I want to show uniform convergence of $\sum_{k=1}^{\infty} x^k e^{-kx}$ where $x \in [0,\infty)$. I am not sure how to demonstrate this since any avenues I have pursued have not worked. Does the Weierstrass M-test work for this, or should I be using something else?
I know the M-test works for just the $e^{-kx}$ portion, but I can't figure out how this will work for the whole.
You should be able to proceed by showing the function $f(x) = x^k*e^{-kx}$ is bounded. This is the M-test for uniform continuity.
So, we want to show there exists $M>0$ such that $|x^k*e^{-kx}| < M$ for all $x \in [0, \infty]$ and all $k \in [1, \infty]$. For finite $x$, this seems plausible.

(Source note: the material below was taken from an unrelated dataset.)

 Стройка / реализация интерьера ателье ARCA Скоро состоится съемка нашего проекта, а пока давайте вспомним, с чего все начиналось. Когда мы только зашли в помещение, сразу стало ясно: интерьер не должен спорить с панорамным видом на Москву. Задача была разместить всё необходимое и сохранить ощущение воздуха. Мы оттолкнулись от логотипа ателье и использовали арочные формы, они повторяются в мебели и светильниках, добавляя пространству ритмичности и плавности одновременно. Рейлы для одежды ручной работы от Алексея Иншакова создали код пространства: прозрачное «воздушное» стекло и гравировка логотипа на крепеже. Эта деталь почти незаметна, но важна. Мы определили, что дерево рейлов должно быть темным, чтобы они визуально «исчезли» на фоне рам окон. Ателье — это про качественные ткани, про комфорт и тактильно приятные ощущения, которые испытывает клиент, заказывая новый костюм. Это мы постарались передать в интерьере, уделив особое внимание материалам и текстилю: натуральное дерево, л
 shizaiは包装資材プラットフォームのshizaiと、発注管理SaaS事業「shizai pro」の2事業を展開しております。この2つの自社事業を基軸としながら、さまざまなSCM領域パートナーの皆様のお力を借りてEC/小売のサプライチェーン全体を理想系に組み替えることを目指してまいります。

Let's first consider what happens as $x \rightarrow \infty$.
$\displaystyle \lim_{x \rightarrow \infty}x^k*e^{-kx} $ = $\displaystyle \lim_{x \rightarrow \infty}\frac{x^k}{e^{kx}}$.

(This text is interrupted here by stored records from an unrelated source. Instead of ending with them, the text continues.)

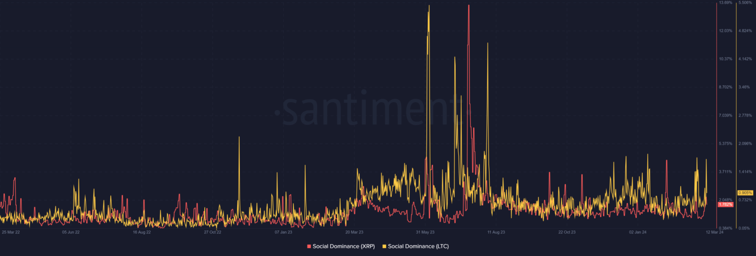 Según el análisis de AMBCrytpo a través de Santiment, el dominio social de XRP aumentó a alrededor del 2,24%. Litecoin hizo lo mismo con un aumento del 1,2% el mismo día.
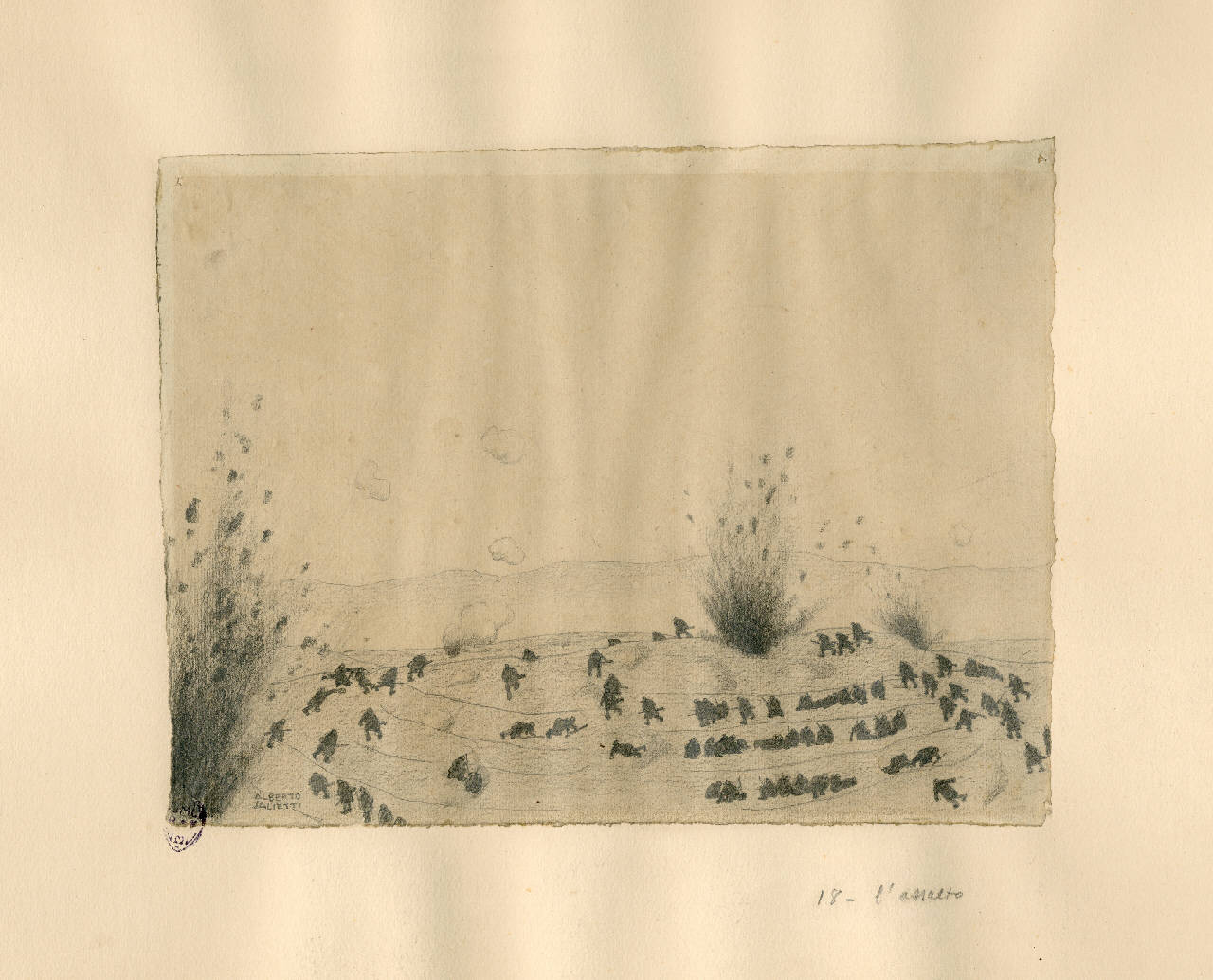 - NOTIZIE STORICO CRITICHE Sisegnala la presenza al verso del cartiglio in basso a destra con numero 38.\nTavola 18 di una serie eseguita sul fronte dall'artista. Il foglio era in origine conservato nella Cartella 35 del Archivio di Storia Contemporanea già Archivio della Guerra.
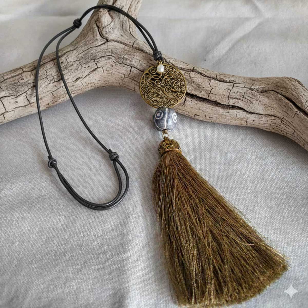 Collar largo Folk artesanal elaborado a mano con latón, perlitas de rio, bolas de cerámica y Cordón de piel con pompón, mujeres de Istmo y Diseñadora Pilar Miranda.

Now we can use L'Hopital's rule $k$ times, and we're left with $\displaystyle \lim_{x \rightarrow \infty}\frac{1}{e^{x}} = 0$.
It ended up not even mattering what happened to $k$ in that limit.
What matters is the function values become very small as x becomes very large, so even as we sum k to infinity, we're ultimately shrinking our finite sums down, so the infinite sum converges.